We now define two geo locations of interest, two wind farm sites in Denmark. We will look at the wind speed distribution at these points over the entire 30-year period.
pt_thor_windpark = dict(lat=56.330, lon=8.0)
pt_sprogoe_windpark = dict(lat=55.34, lon=10.96)
counts_thor, binEdges_thor = np.histogram(
ds_pt_thor.wind_speed, bins=np.arange(0, 30, .5))
counts_sprogoe, binEdges_sprogoe = np.histogram(
ds_pt_sprogoe.wind_speed, bins=np.arange(0, 30, .5))
Basic statistics can now be computed for the wind speed at these points.

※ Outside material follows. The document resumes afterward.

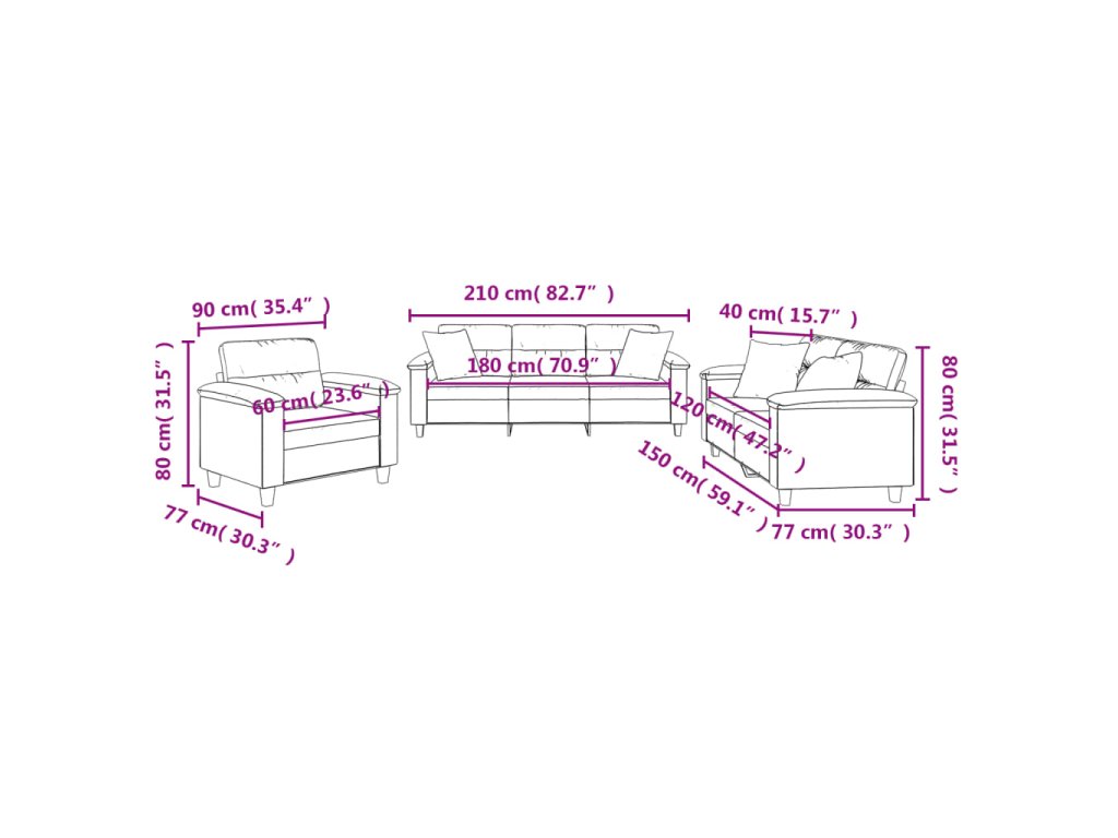 3dílná sedací souprava s polštáři světle šedá mikrovlákno 3202303

# Calculate statistics of the wind speeds
median_thor = np.nanmedian(ds_pt_thor.wind_speed)
mean_thor = np.nanmean(ds_pt_thor.wind_speed)
median_sprogoe = np.nanmedian(ds_pt_sprogoe.wind_speed)
mean_sprogoe = np.nanmean(ds_pt_sprogoe.wind_speed)
Finally, the wind speed distribution for the two locations over all 30 years can be compared by plotting them on top of each other. Dashed lines indicate the mean wind speed for each location.
fig, ax = plt.subplots(1, 1, sharey=True, tight_layout=True)
ax.bar(
binEdges_thor[:-1],
counts_thor,
width=np.diff(binEdges_thor),
edgecolor=None,
align="edge",
alpha=0.5,
label="Thor"
)
ax.bar(
binEdges_sprogoe[:-1],
counts_sprogoe,
width=np.diff(binEdges_sprogoe),
edgecolor=None,
align="edge",
alpha=0.5,
label="Sprogø"
)
ax.legend()
ax.set_xlabel("Wind speed [m/s]", fontsize=14)
ax.set_ylabel("Frequency", fontsize=14)
ax.set_xlim(0, 25)
min_ylim, max_ylim = plt.ylim()
plt.axvline(mean_thor, color='k', linestyle='dashed', linewidth=1)
plt.axvline(mean_sprogoe, color='k', linestyle='dashed', linewidth=1)
plt.text(
mean_thor * 1.1,
max_ylim * 0.9,
'<Thor>: {:.2f} m/s'.format(mean_thor)
)
plt.text(
mean_sprogoe * 1.05, max_ylim * 0.95,
'<Sprogø>: {:.2f} m/s'.format(mean_sprogoe)
)
Text(7.3184839723808945, 5557.0725, '<Sprogø>: 6.97 m/s')